Ursula Le Guin’s Wizard
of Earthsea. “Not
many girls,” say daughter. True – wizards are all boys, girls do housework. “Female
author though; strong feminist by repute.” Discussion ensues. Both enjoyed but daughter
preferred...
Diana Wynne Jones’s Howl’s
Moving Castle. Bit chatty sometimes
IMHO; daughter and I loved unexpected breakthrough from fantasy world into
contemporary (1980s) Wales = ‘Wizard of Oz’ b&w to colour moment. Calcifer rocks.
Tessa Hadley’s Married Love. Short stories. Mutedness; unspoken conversations, unacted desires. One story: female undergraduate, 20 marries composer, 60; has babies. Choices cannot be unchosen; families comment, react; things work out.
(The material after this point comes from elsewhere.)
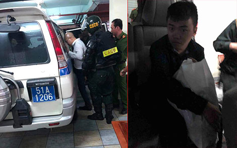 Nguyễn Thái Luyện lên xe về trụ sở Công an; Nguyễn Thái Lĩnh bị bắt giữ.
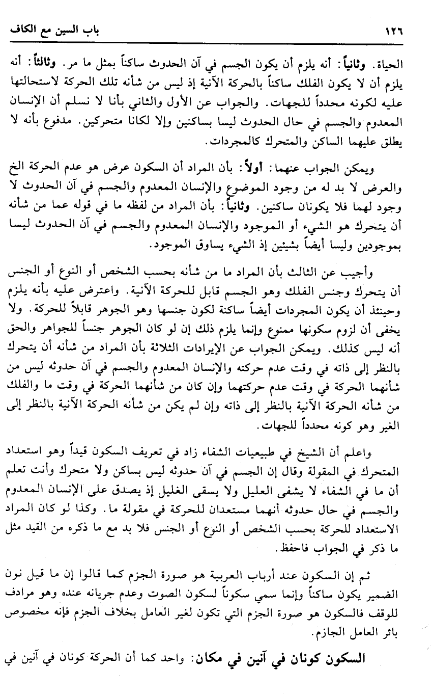وَأجِيب عَن الثَّالِث بِأَن المُرَاد مَا من شَأْنه بِحَسب الشَّخْص أَو النَّوْع أَو الْجِنْس أَن يَتَحَرَّك وجنس الْفلك وَهُوَ الْجِسْم قَابل للحركة الْآنِية. وَاعْترض عَلَيْهِ بِأَنَّهُ يلْزم وَحِينَئِذٍ أَن يكون المجردات أَيْضا سَاكِنة لكَون جِنْسهَا وَهُوَ الْجَوْهَر قَابلا للحركة. وَلَا يخفى أَن لُزُوم سكونها مَمْنُوع وَإِنَّمَا يلْزم ذَلِك إِن لَو كَانَ الْجَوْهَر جِنْسا للجواهر وَالْحق أَنه لَيْسَ كَذَلِك. وَيُمكن الْجَواب عَن الإيرادات الثَّلَاثَة بِأَن المُرَاد من شَأْنه أَن يَتَحَرَّك بِالنّظرِ إِلَى ذَاته فِي وَقت عدم حركته وَالْإِنْسَان الْمَعْدُوم والجسم فِي آخر حُدُوثه لَيْسَ من شَأْنهمَا الْحَرَكَة فِي وَقت عدم حركتهما وَإِن كَانَ من شَأْنهمَا الْحَرَكَة فِي وَقت مَا والفلك من شَأْنه الْحَرَكَة الْآنِية بِالنّظرِ إِلَى ذَاته وَإِن لم يكن من شَأْنه الْحَرَكَة الْآنِية بِالنّظرِ إِلَى الْغَيْر وَهُوَ كَونه محددا للجهات.

Tessa Hadley’s Married Love. Short stories. Mutedness; unspoken conversations, unacted desires. One story: female undergraduate, 20 marries composer, 60; has babies. Choices cannot be unchosen; families comment, react; things work out.
Ashlee Vance’s Elon
Musk: How the Billionaire CEO of SpaceX and Tesla is Shaping our Future. Early torment in South
Africa, braininess, 1980s tech, mobile phones, solar power, electric cars, moral
compass. Bit driven; cold fish sometimes. Like Tony Stark but not. Enjoyed.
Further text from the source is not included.